I honestly do not believe we can have a communist society that is not truly democratic right from the start. I'm no historian, but I suspect that the emergence of non-democratic party rule resulted from massive pressures of immediate life-or-death expediency faced by Revolutionary Russia and China. Lenin and Stalin in Russia had to face the Russian Civil War followed on its heels by the existential threat posed by a massively industrialized Nazi Germany. China had to face the awesomely daunting prospect of feeding seven hundred million who had been living for centuries on the edge of starvation, with millions periodically falling off that edge. (The Good Earth is a notable work of historical fiction illustrating this issue.) And if there is any legitimate criticism of the Paris Commune, it is that they did not act decisively enough to consolidate, defend and expand their own revolution.

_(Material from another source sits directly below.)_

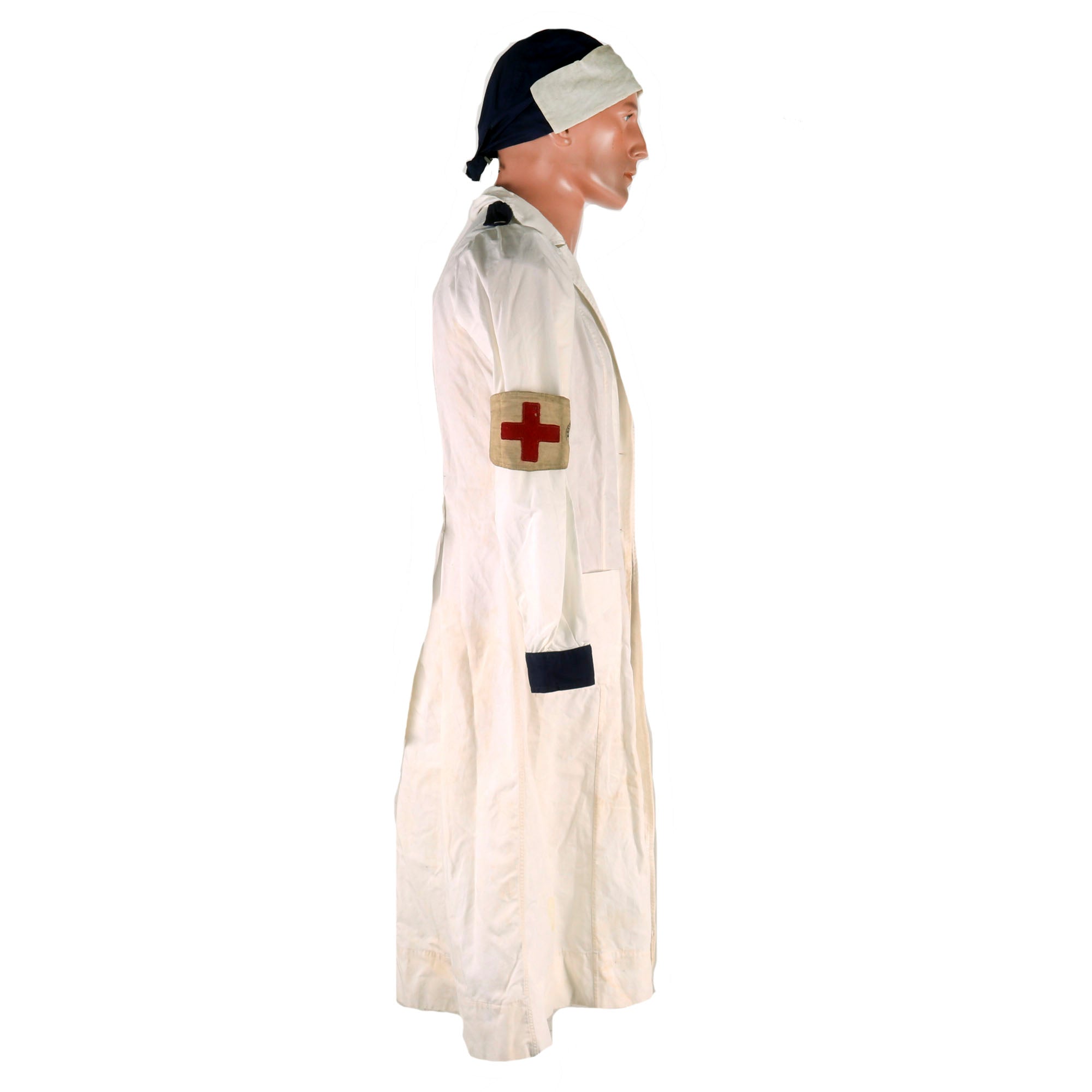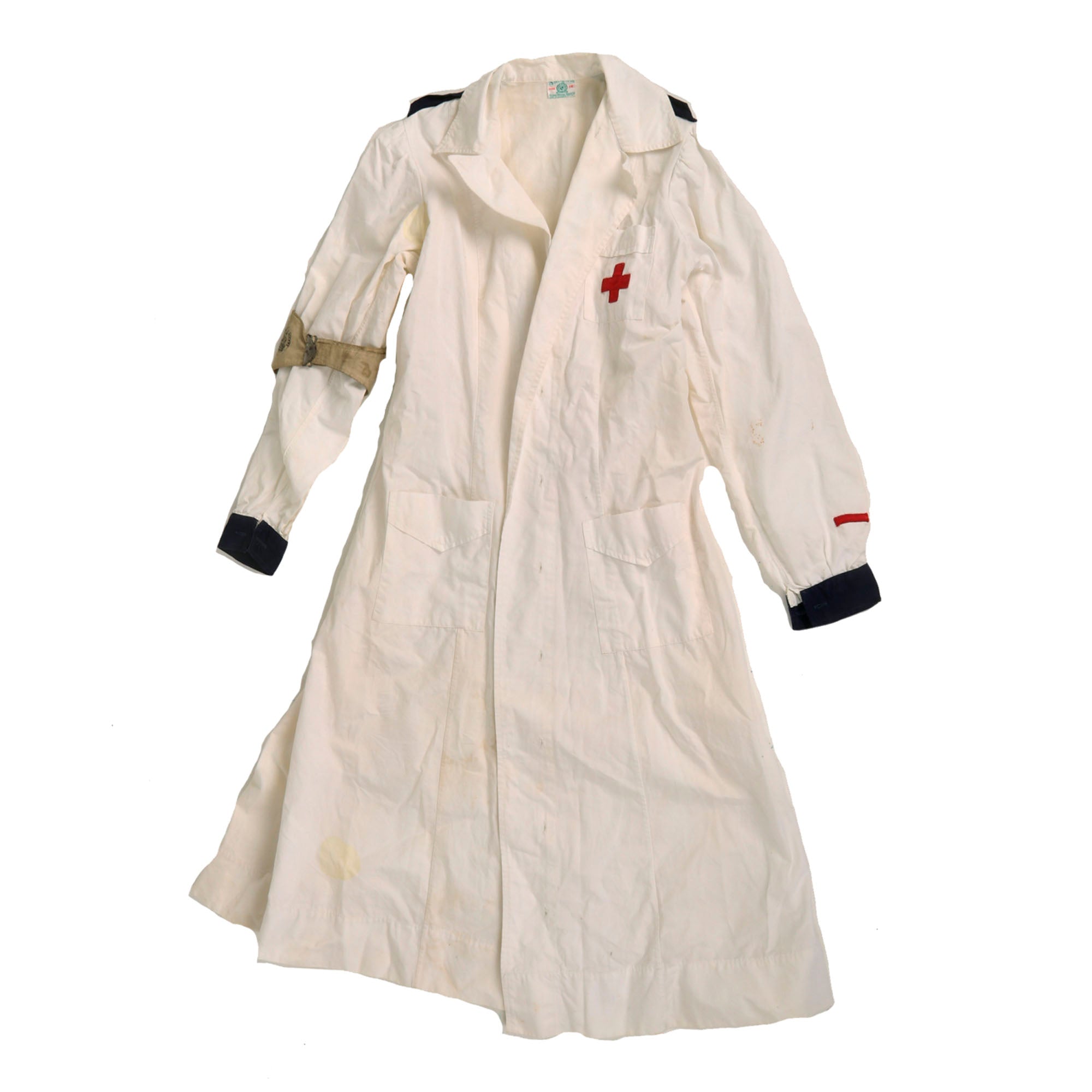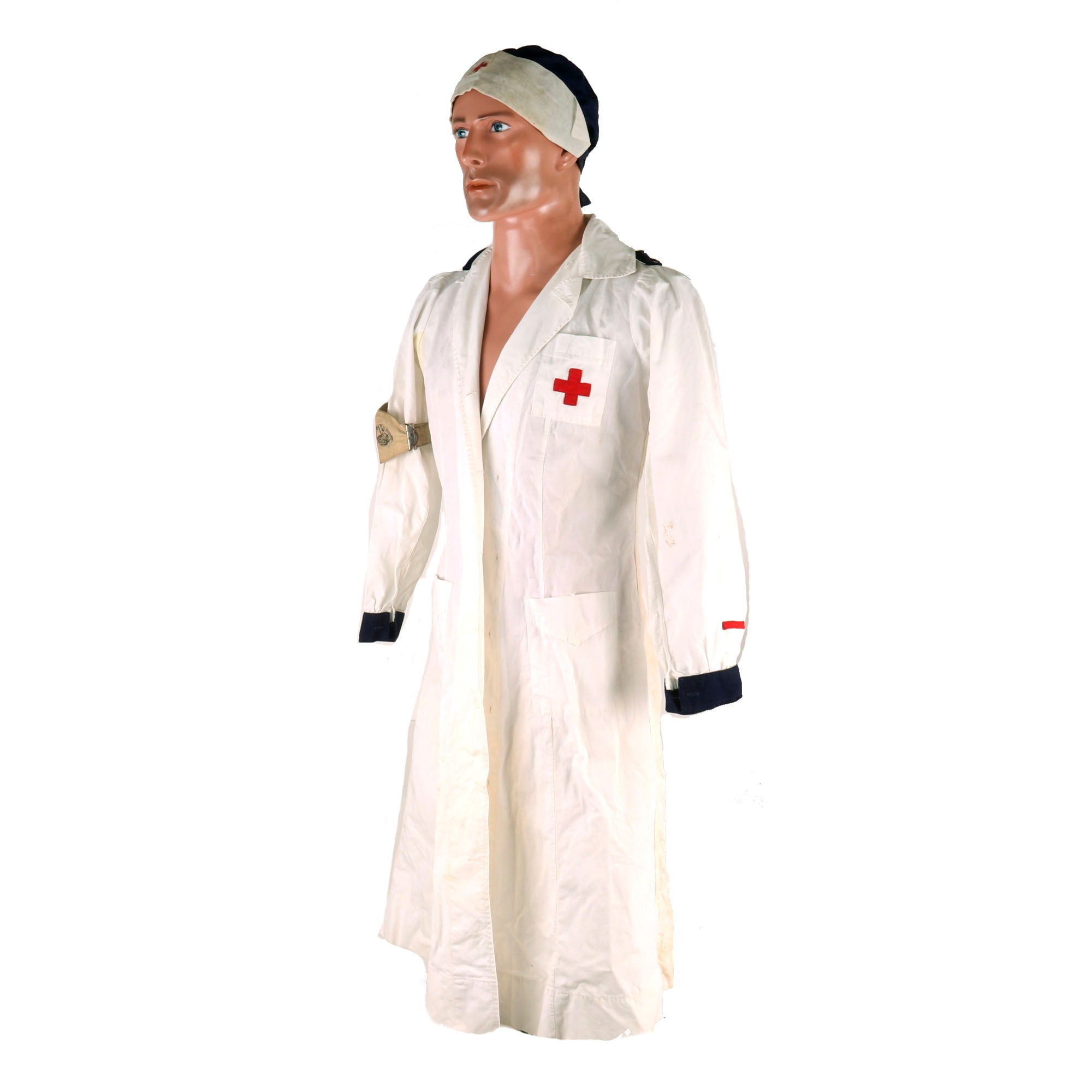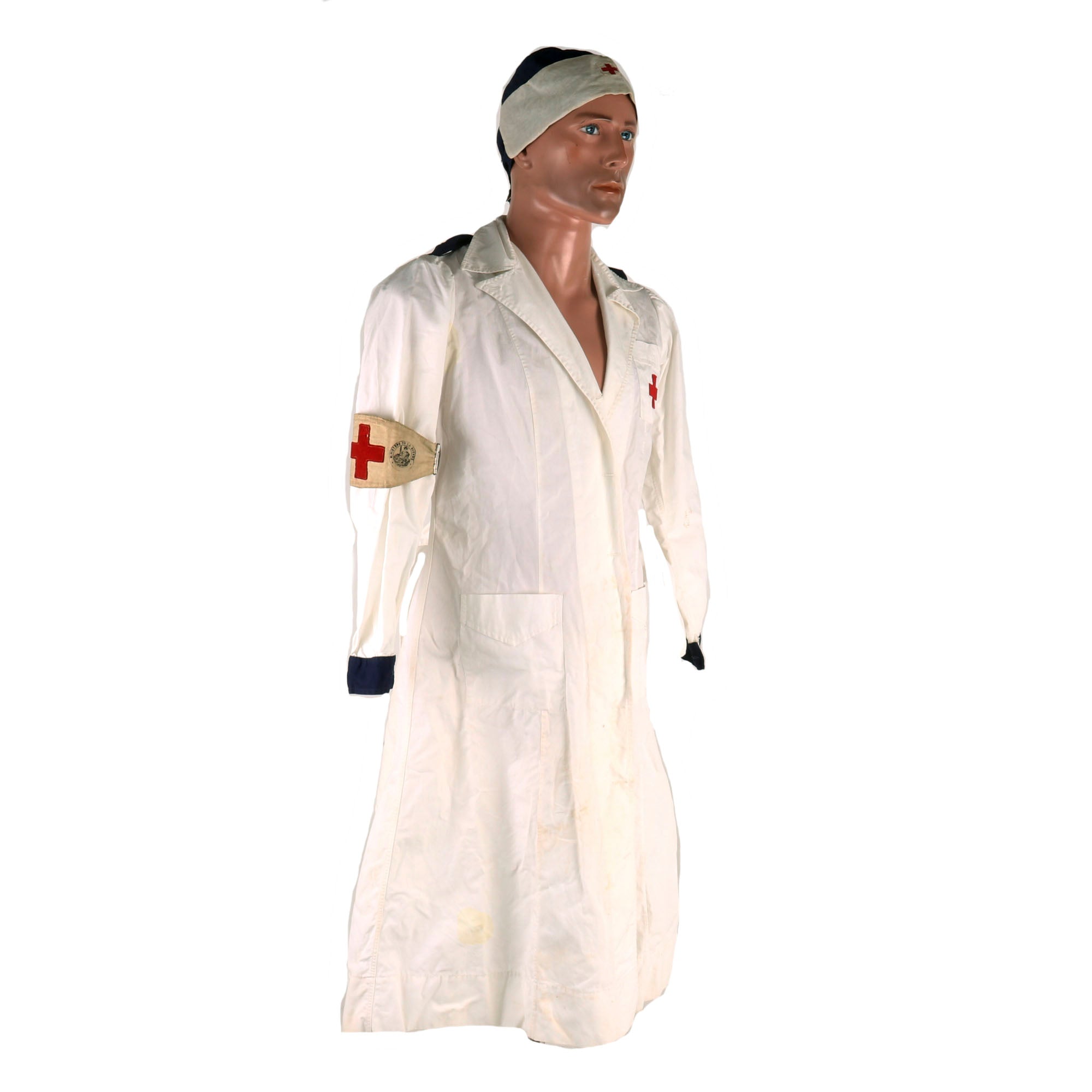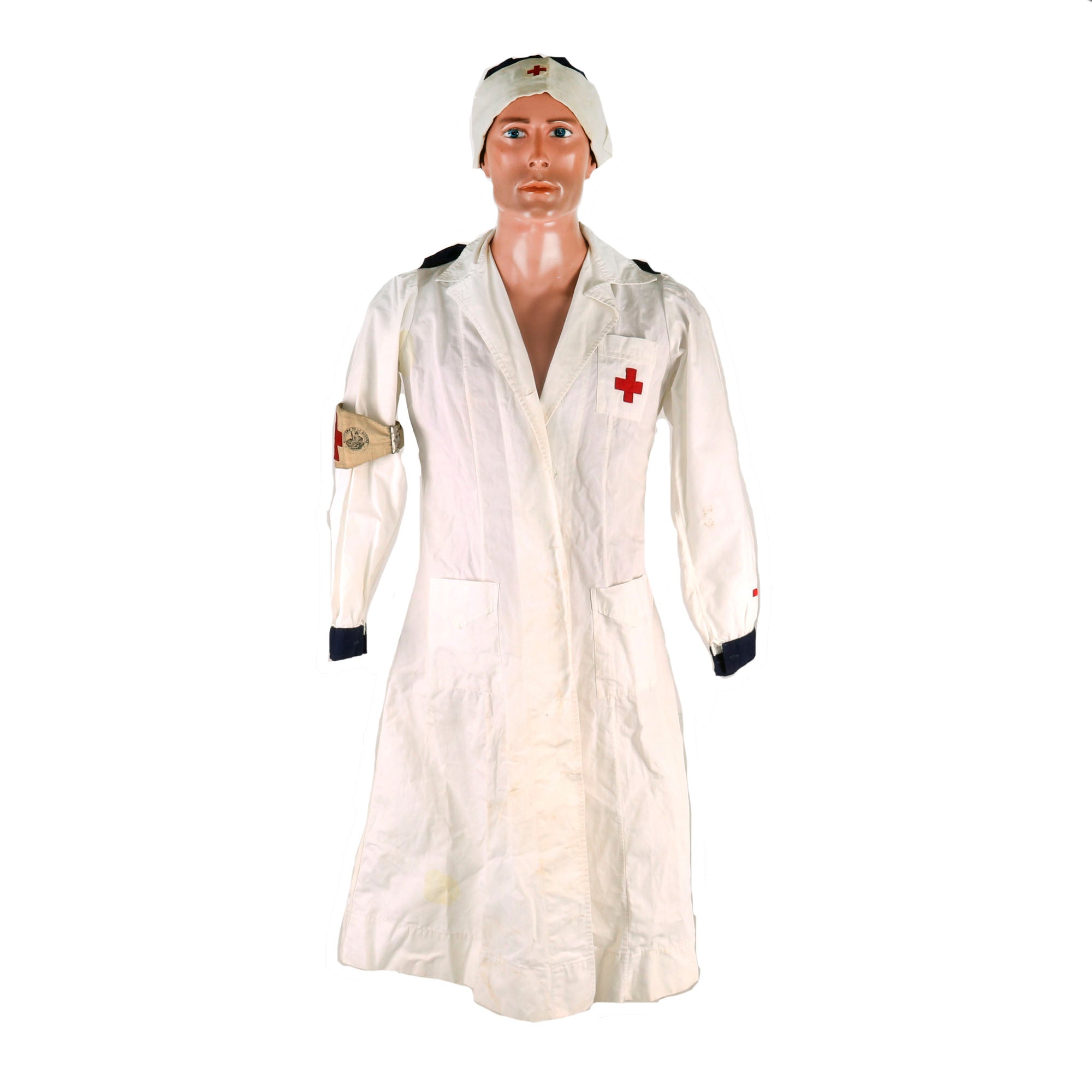 - Perkins’ American Red Cross Army uniform with a District of Paris patch, three overseas chevrons, medical ANC insignia on the collars, and a victory ribbon with one star. All buttons are retained and the uniform is in great condition.

Furthermore, there is a certain extent to which capitalist republican government and its precursors does develop social institutions and habits of thought among the people that make true democracy easier; both Russia and China lacked any of these precursors. One cannot exactly approve of someone who behaves badly under overwhelming pressure, but one can more easily ascribe the fault to a failure of nerve rather than actual malice.

1 comment:

  1. So the US is a Republic then? A criterion for a democratic government is that the representatives are unable to furtively hide knowledge and retain secrets from those they represent, but in the US government the contrary occurs on a regular basis. Learnt all that off this blog.